_What the task requires_.
In the copy, include no pictures. Reproduce the rest of the entries exactly.

---------- Extracted information

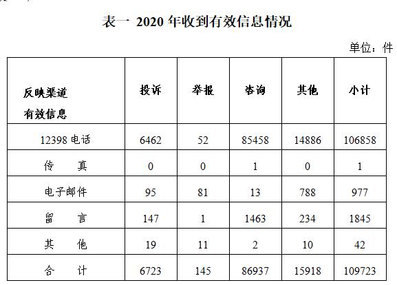 一、基本情況 2020年,國(guó)家能源局12398能源監(jiān)管熱線(以下簡(jiǎn)稱12398熱線)共收到有效信息109723件(包含投訴、舉報(bào)、咨詢和其他訴求類別),同比增加9.06%。(2020年收到有效信息情況見表一)
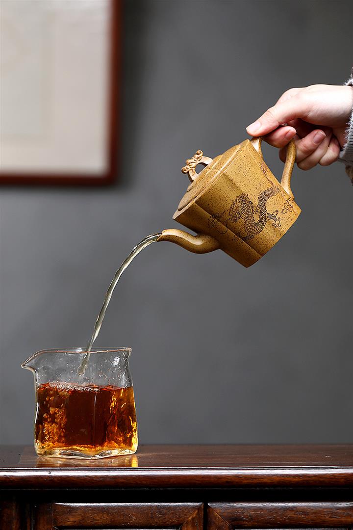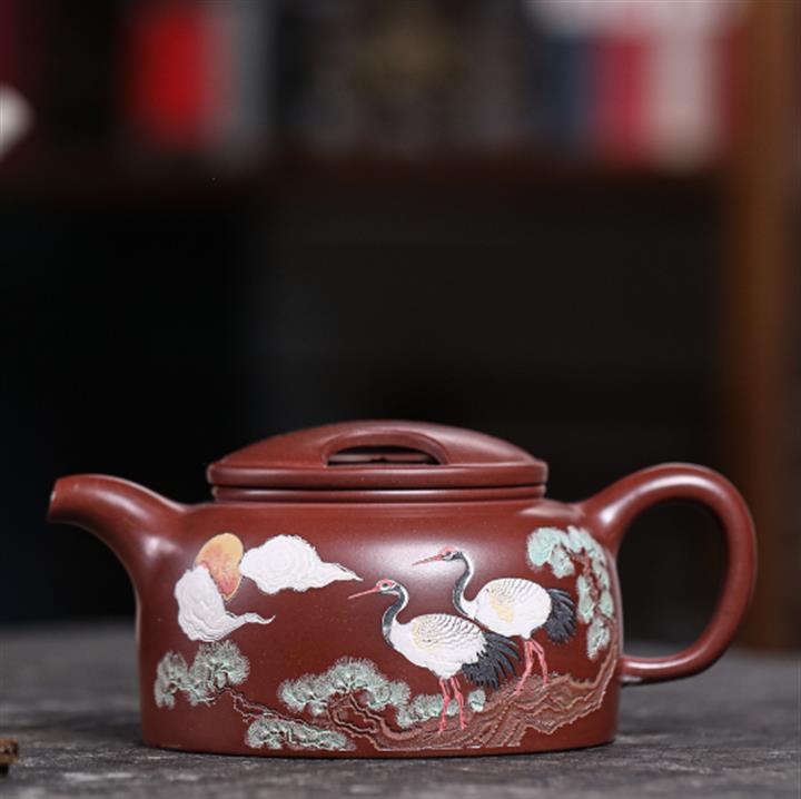 【泥料特點】砂土氣重,似淳實農民,日久使用,漸露鋒芒,養成變化,溫潤莊重。紫砂是壹種雙重氣孔結構的多孔性材質,氣孔微細,密度高。用紫砂壺沏茶,不失原味,且香不渙散,得茶之真香真味。紫砂使用越久,壺身色澤越發光亮照人,氣韻溫雅。紫砂壺長久使用器身會因撫摸擦拭,變得越發溫潤光澤。
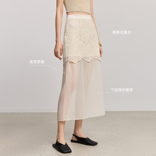 腰果花蕾丝绣花米白色半身裙直筒裙 复古法式 LILY2025新款 女装
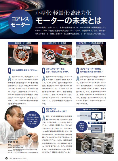 【掲載内容】 クルマの電動化技術において、電費は重要開発ポイント。モーター開発は成熟期を迎えたといわれているが、小型化・軽量化・高出力化については大いに可能性がある。今回、数十年にわたり小型モーター開発に従事されてきた白木学氏を訪ね、モーターの未来につ...
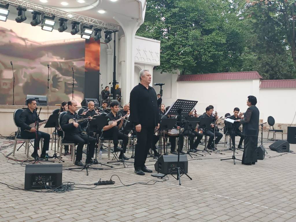 В концертной программе с участием Камерного оркестра национальных инструментов Государственной филармонии Узбекистана «Согдиана» звучали замечательные песни, которые воспевали мирные дни.
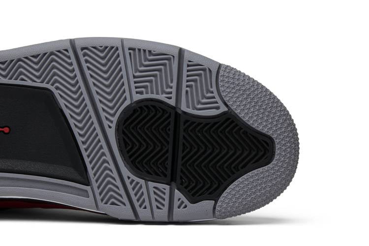 The Air Jordan 4 Retro Toro Bravo features a Fire Red nubuck upper with black and white detailing, cement grey accents, and visible Air-units in the midsole. Released in July 2013, this sneaker draws inspiration from the iconic 'Raging Bull Red Suede' colorway of the Air Jordan 5 Retro. The design showcases a blend of four dominant colors: cement grey, fire red, white, and black, creating a bold and classic look.
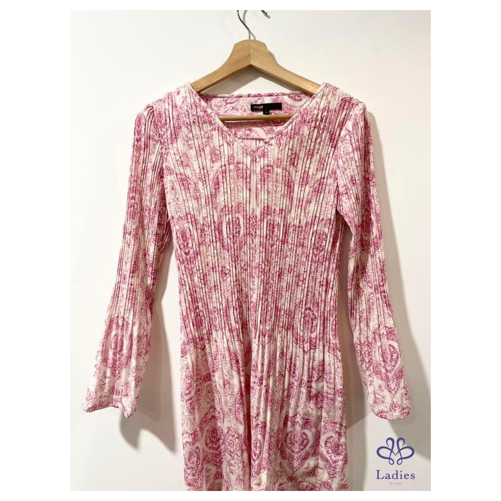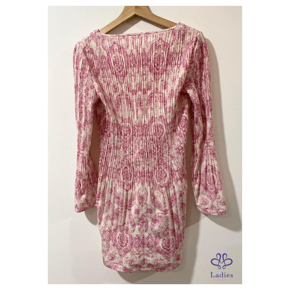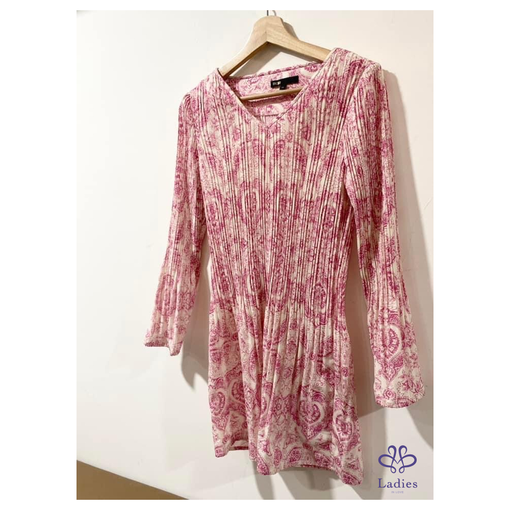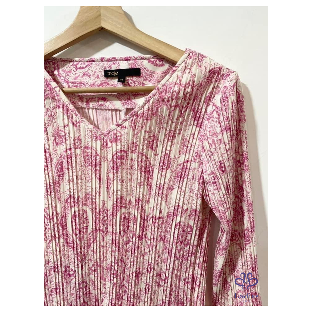 首頁 精品服飾 MAJE 顯白粉 佩斯利花紋 彈性褶皺洋裝
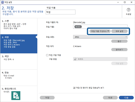 4파일 이름에 바코드나 OCR을 추가하려면 바코드 또는 OCR(파일 이름 구성요소에서)을 선택한 후 세부 설정를 클릭합니다.
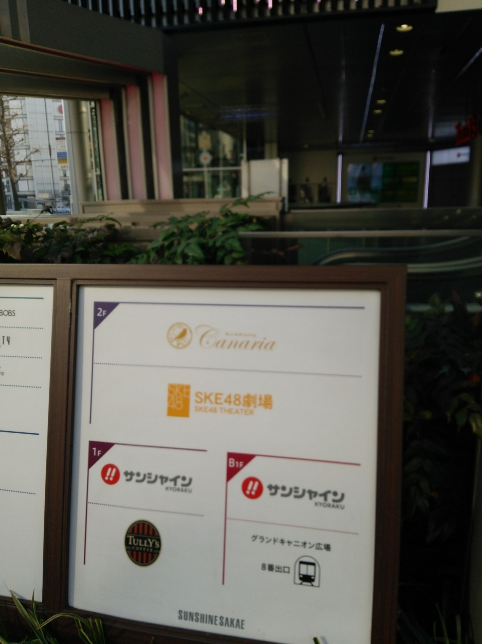 名古屋のアイドルグループ「SKE48」の活動拠点であるSKE48劇場は、栄のど真ん中、観覧車のあるサンシャインサカエの2階にありました。時間が合わなかったため、営業はしていませんでしたので、今回は外観だけ見てきました。
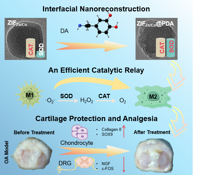 图1. 顺利获得DA驱动预编程ZIFZn/Co框架的界面重构,实现SOD向CAT的高效催化接力。由此产生的纳米酶可打破骨关节炎中活性氧-炎症的恶性循环,从而实现显著的软骨保护和疼痛缓解效果。

--------------------

_Task result_.
 一、基本情況 2020年,國(guó)家能源局12398能源監(jiān)管熱線(以下簡(jiǎn)稱12398熱線)共收到有效信息109723件(包含投訴、舉報(bào)、咨詢和其他訴求類別),同比增加9.06%。(2020年收到有效信息情況見表一)
 【泥料特點】砂土氣重,似淳實農民,日久使用,漸露鋒芒,養成變化,溫潤莊重。紫砂是壹種雙重氣孔結構的多孔性材質,氣孔微細,密度高。用紫砂壺沏茶,不失原味,且香不渙散,得茶之真香真味。紫砂使用越久,壺身色澤越發光亮照人,氣韻溫雅。紫砂壺長久使用器身會因撫摸擦拭,變得越發溫潤光澤。
 腰果花蕾丝绣花米白色半身裙直筒裙 复古法式 LILY2025新款 女装
 【掲載内容】 クルマの電動化技術において、電費は重要開発ポイント。モーター開発は成熟期を迎えたといわれているが、小型化・軽量化・高出力化については大いに可能性がある。今回、数十年にわたり小型モーター開発に従事されてきた白木学氏を訪ね、モーターの未来につ...
 В концертной программе с участием Камерного оркестра национальных инструментов Государственной филармонии Узбекистана «Согдиана» звучали замечательные песни, которые воспевали мирные дни.
 The Air Jordan 4 Retro Toro Bravo features a Fire Red nubuck upper with black and white detailing, cement grey accents, and visible Air-units in the midsole. Released in July 2013, this sneaker draws inspiration from the iconic 'Raging Bull Red Suede' colorway of the Air Jordan 5 Retro. The design showcases a blend of four dominant colors: cement grey, fire red, white, and black, creating a bold and classic look.
 首頁 精品服飾 MAJE 顯白粉 佩斯利花紋 彈性褶皺洋裝
 4파일 이름에 바코드나 OCR을 추가하려면 바코드 또는 OCR(파일 이름 구성요소에서)을 선택한 후 세부 설정를 클릭합니다.
 名古屋のアイドルグループ「SKE48」の活動拠点であるSKE48劇場は、栄のど真ん中、観覧車のあるサンシャインサカエの2階にありました。時間が合わなかったため、営業はしていませんでしたので、今回は外観だけ見てきました。
 图1. 顺利获得DA驱动预编程ZIFZn/Co框架的界面重构,实现SOD向CAT的高效催化接力。由此产生的纳米酶可打破骨关节炎中活性氧-炎症的恶性循环,从而实现显著的软骨保护和疼痛缓解效果。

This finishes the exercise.